Malignant hypertension resulting from deoxycorticosterone acetate and salt excess: role of renin and sodium in vascular changes.

Author:

Gavras H,Brunner H R,Laragh J H,Vaughan E D,Koss M,Cote L J,Gavras I

Abstract

The evolution of malignant hypertension was studied under metabolic balance conditions in 11 uninephrectomized rats given deoxycorticosterone acetate and 1% NaCl as drinking water. Changes in sodium and potassium balance were related to changes in blood pressure, plasma renin activity, hematocrit, and kidney histology.
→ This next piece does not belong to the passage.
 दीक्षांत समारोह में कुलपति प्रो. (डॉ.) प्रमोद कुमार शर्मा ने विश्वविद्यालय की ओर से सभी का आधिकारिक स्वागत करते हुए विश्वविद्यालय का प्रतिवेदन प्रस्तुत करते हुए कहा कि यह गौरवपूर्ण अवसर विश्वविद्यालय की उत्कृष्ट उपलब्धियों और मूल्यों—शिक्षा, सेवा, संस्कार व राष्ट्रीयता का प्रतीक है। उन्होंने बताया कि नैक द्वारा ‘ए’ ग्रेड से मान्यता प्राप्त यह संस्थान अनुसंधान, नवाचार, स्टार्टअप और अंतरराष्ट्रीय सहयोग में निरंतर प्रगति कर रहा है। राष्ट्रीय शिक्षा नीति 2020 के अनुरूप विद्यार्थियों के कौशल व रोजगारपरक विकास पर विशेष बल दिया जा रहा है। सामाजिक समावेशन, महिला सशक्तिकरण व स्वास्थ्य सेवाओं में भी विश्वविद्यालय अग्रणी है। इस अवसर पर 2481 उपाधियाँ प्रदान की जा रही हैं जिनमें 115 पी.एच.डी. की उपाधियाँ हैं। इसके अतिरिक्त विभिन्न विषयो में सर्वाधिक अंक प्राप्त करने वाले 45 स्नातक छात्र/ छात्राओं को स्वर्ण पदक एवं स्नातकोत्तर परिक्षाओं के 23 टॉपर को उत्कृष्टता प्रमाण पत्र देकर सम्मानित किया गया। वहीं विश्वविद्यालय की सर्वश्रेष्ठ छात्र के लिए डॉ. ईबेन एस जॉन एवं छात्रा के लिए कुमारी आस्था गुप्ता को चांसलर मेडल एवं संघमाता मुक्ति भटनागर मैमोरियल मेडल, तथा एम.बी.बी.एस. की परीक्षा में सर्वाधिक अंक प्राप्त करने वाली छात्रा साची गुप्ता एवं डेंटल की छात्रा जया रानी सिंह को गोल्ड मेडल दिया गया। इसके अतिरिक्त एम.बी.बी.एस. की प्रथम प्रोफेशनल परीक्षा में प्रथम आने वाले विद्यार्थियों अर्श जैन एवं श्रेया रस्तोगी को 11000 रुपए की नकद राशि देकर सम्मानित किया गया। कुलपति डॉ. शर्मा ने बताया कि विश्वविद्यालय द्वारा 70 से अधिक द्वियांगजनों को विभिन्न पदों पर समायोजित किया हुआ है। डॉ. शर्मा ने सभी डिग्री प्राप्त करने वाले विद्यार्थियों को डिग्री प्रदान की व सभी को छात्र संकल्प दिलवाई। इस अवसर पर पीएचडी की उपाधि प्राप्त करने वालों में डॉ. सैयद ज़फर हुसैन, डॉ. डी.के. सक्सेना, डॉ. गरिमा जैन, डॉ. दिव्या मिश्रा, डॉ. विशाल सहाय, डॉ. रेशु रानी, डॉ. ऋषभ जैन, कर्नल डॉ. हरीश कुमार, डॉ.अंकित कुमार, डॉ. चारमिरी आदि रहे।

After 3-4 weeks of steadily positive sodium balance accompanied by continuously increasing blood pressure up to 185 plus or minus 19 (SE) mm Hg, periods of sodium loss accompanied by evidence of hemoconcentration were observed marking the onset of the malignant phase as defined by the development of fibrinoid necrosis in the kidney. Plasma renin activity remained markedly suppressed both at the fourth week (0.33 plus or minus 0.02 ng/ml hour-1) when the sodium balance was positive and the kidney biopsy negative and at the end of the experiment (0.35 plus or minus 0.36 ng/ml hour-1) when the sodium balance was negative and the kidney histology revealed malignant vasculitis. Infusion of the angiotensin II inhibitor 1-Sar-8-Ala-angiotensin II consistently failed to affect blood pressure, and the kidney tissue norepinephrine level was reduced (0.054 plus or minus 0.01 mug/g) compared with the control level (0.132 plus or minus 0.02 mug/g). We conclude that malignant vasculitis in this model is preceded by hypertension associated with sodium and water retention and is accompanied by negative sodium balance, decreases in body weight, falling blood pressure, and hemoconcentration without demonstrable participation of the renin-angiotensin system or the renal catecholamines.

Publisher

Ovid Technologies (Wolters Kluwer Health)

Subject

Cardiology and Cardiovascular Medicine,Physiology

Reference37 articles.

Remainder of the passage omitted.